Unlike the close allies of the West they have replaced, Islamists are heard calling for… NATO… military intervention in Libya yesterday, Syria today, wherever they entertain the hope to take over tomorrow. One can use the distant infidels, who will not stay around for long, to jettison local infidels, who have hounded them for decades. Rejection of foreign interference, once a centerpiece of the post-independence outlook, is no longer the order of the day. It is castigated as counterrevolutionary.

What the US sought to obtain over decades through meddling and imposition, it might now obtain via acquiescence: Arab regimes that will not challenge Western interests.

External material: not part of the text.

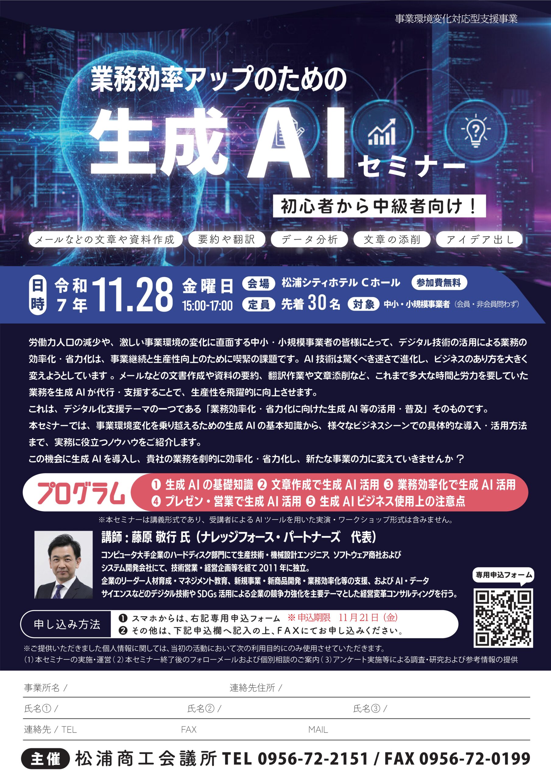 業務効率アップ!生成AIセミナーのご案内11月4日(火曜日) 国からのお知らせ

Little wonder that many in the region are persuaded that America was complicit in the Islamists’ rise, a quiet partner in what has been happening.

Everywhere, Israel faces the rise of Islam, of militancy, of radicalism. Former allies are gone; erstwhile foes reign supreme. But the Islamists have different and broader objectives. They wish to promote their Islamic project, which means consolidating their rule where they can, refraining from alienating the West, and avoiding perilous and precocious clashes with Israel. In this scheme, the presence of a Jewish state is and will remain intolerable, but it is probably the last piece of a larger puzzle that may never be fully assembled.

The quest to establish an independent, sovereign Palestinian state was never at the heart of the Islamist project. Hamas, the Palestinian chapter of the Muslim Brotherhood, harbors grander, less territorially confined but also less immediately achievable designs. Despite Hamas’s circumlocutions and notwithstanding its political evolution, it never truly deviated from its original view—the Jewish state is illegitimate and all the land of historic Palestine is inherently Islamic. If the current balance of power is not in your favor, wait and do what you can to take care of the disparity. The rest is tactics.